The TARDIS, trapped in a blue light

Mindful of the need to get it right, producer John Nathan-Turner and Saward turn to veteran hand Robert Holmes for the first four episodes, “The Mysterious Planet” (Series Production Code 7A), returning the Sixth Doctor to the air on September 6, 1986, with a jaunty, revised opening theme. (Of note, the story is presented week-to-week under the rubric “The Trial of a Time Lord,” but most critical discourse has, broadly, settled on addressing the sub-stories by their working titles, corresponding to how the components were commissioned.) After an elaborate effects shot showing the TARDIS being drawn into a space station, Holmes wastes no time establishing the trial framing device, with the Doctor immediately confronting the Valeyard (Michael Jayston), prosecuting the charges against him for the benefit of a panel of Time Lords, presided over by the Inquisitor (Lynda Bellingham).

The Inquisitor (Lynda Bellingham) and the Valeyard (Michael Jayston)

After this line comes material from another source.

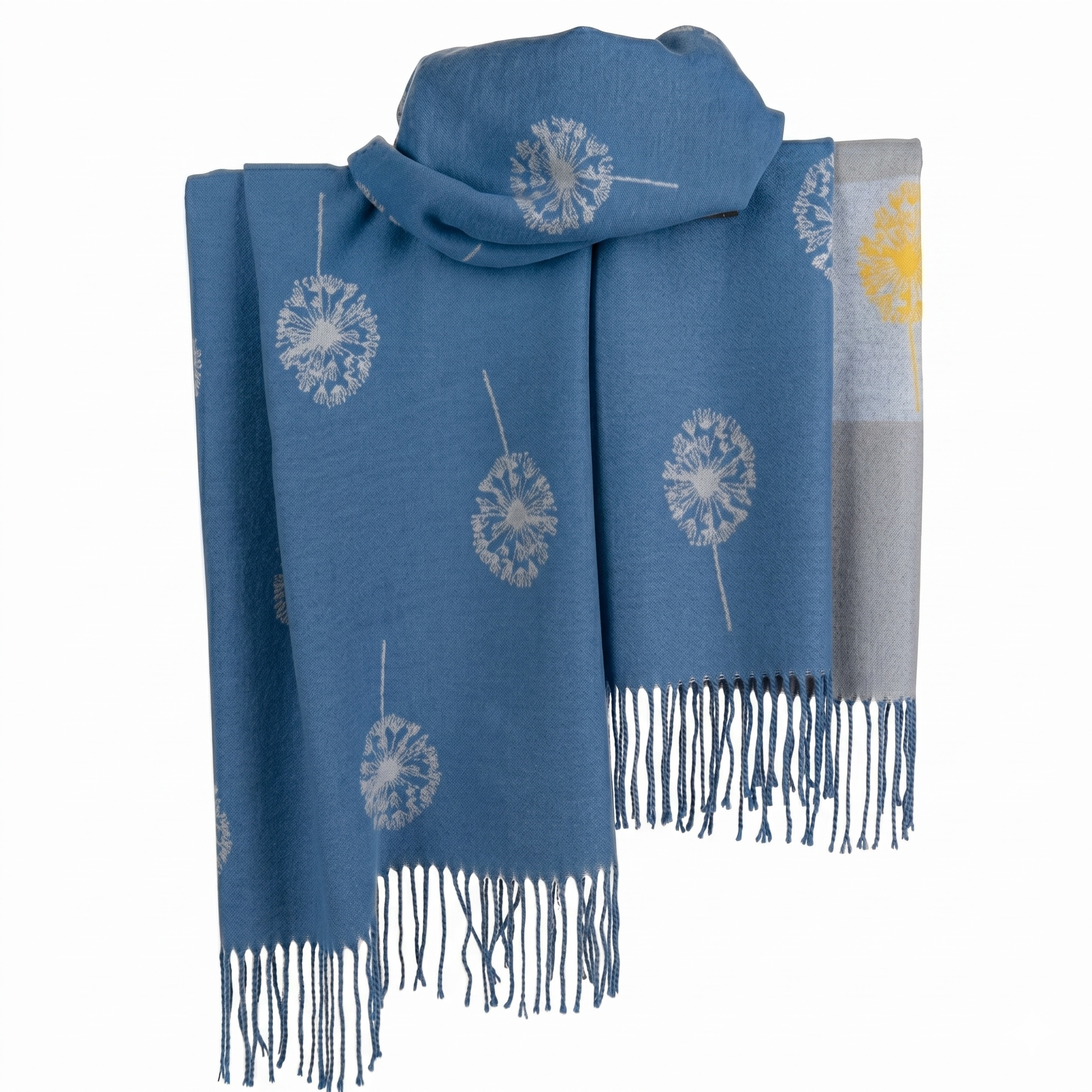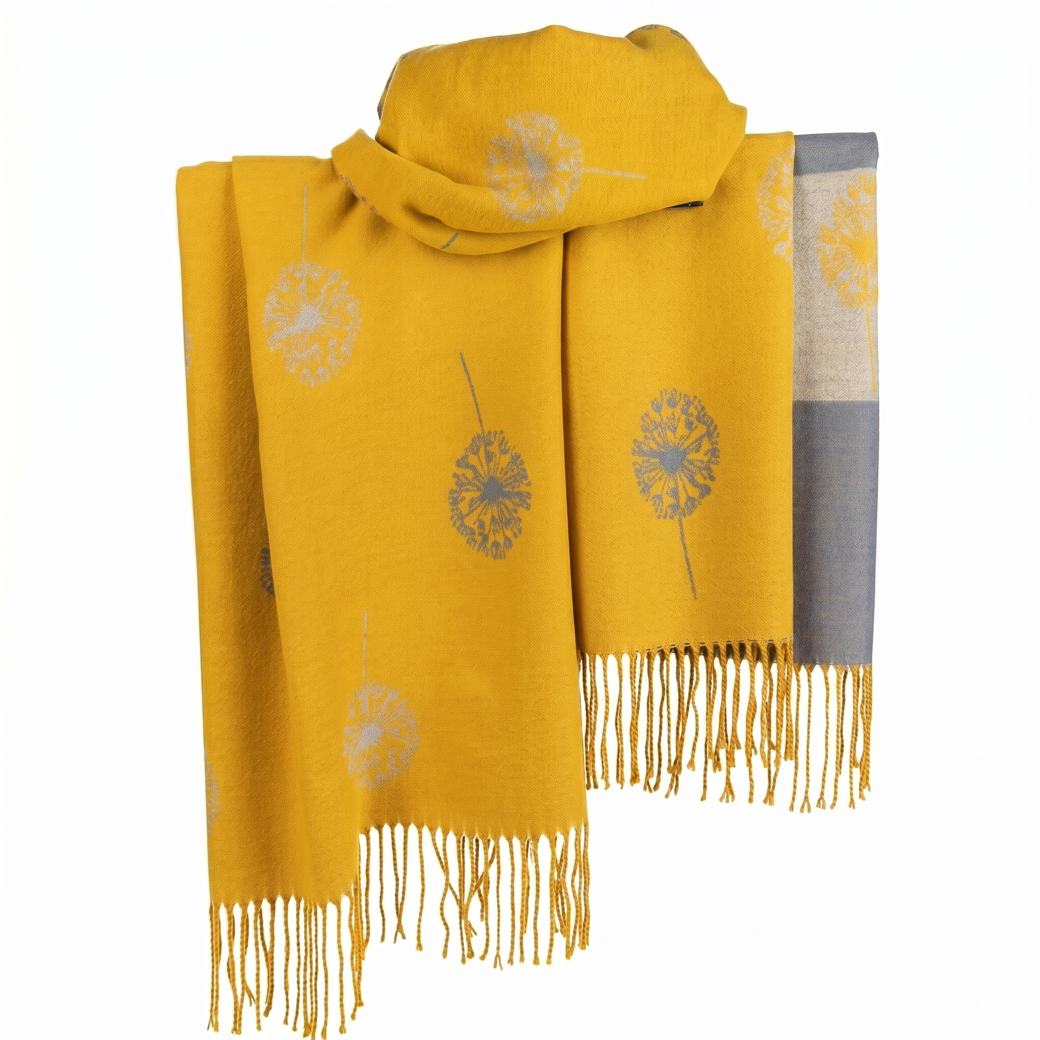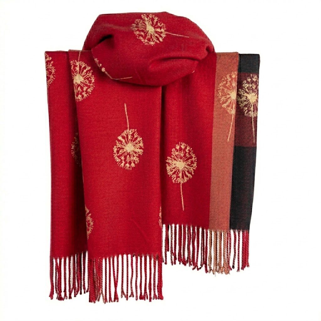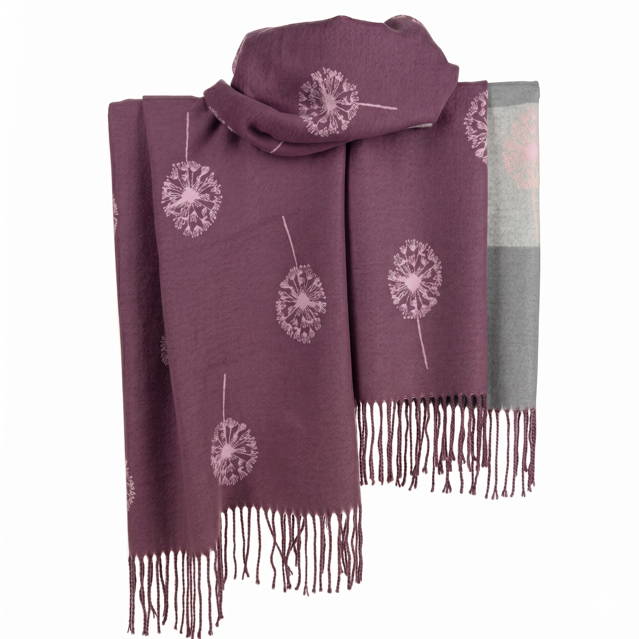A luxuriously soft, oversized wrap featuring a delicate dandelion seed head pattern and elegant fringe detailing. This versatile accessory provides lightweight warmth and a sophisticated finish to any outfit.

The Doctor’s crimes? “Conduct unbecoming a Time Lord” and “transgressing the First Law,” that broad Gallifreyan prohibition against “meddling” in the affairs of other peoples. For those paying attention at home, Holmes takes care to note that the Doctor has been on trial for the same charges before—resolved in the conclusion of “The War Games” which saw the Second Doctor sentenced to exile on Earth after a forced regeneration—and also that the Doctor has been stripped of his title as Lord President, last referenced in “The Five Doctors” and originally established in “The Invasion of Time” some eight years prior. Nathan-Turner and Saward here unravel awkward, narrative-constraining continuity while still referencing it, not unlike having K-9 get wet and short out whenever his ray gun snout would resolve a plot too quickly.

The Inquisition views Peri and the Sixth Doctor

The framing narrative, with a jury of Time Lords watching the Doctor’s adventures on screen just like the audience at home, continues the metatextual self-referential tendency of Season Twenty-two; watching the watchers makes up much of the narrative heft of “Vengeance on Varos” and, to a lesser extent, “Revelation of the Daleks,” with “The Mysterious Planet” pausing the action frequently for the Doctor, the Inquisitor, and the Valeyard to comment incredulously on what has just been seen. The Valeyard explains the footage as deriving from the Matrix, that storehouse of all Time Lord knowledge, fed by the Doctor’s own experiences; a surreptitious surveillance device installed in every TARDIS, including the old Mark 40s, apparently, psychically records other moments outside those witnessed by Time Lords—a rather huge alteration to the Doctor Who canon, with potential ramifications for all future stories and also calling into question many outcomes of past stories, but a change necessary for the frame device to function.

And where do the Doctor’s “criminal” activities take place for this initial segment of his trial? Oh, just a barren little planet called Ravelox, in the Stellian Galaxy, devastated by a fireball that Gallifreyan records contend wiped out all life. Ravelox also happens to be known by a different name as well: Earth…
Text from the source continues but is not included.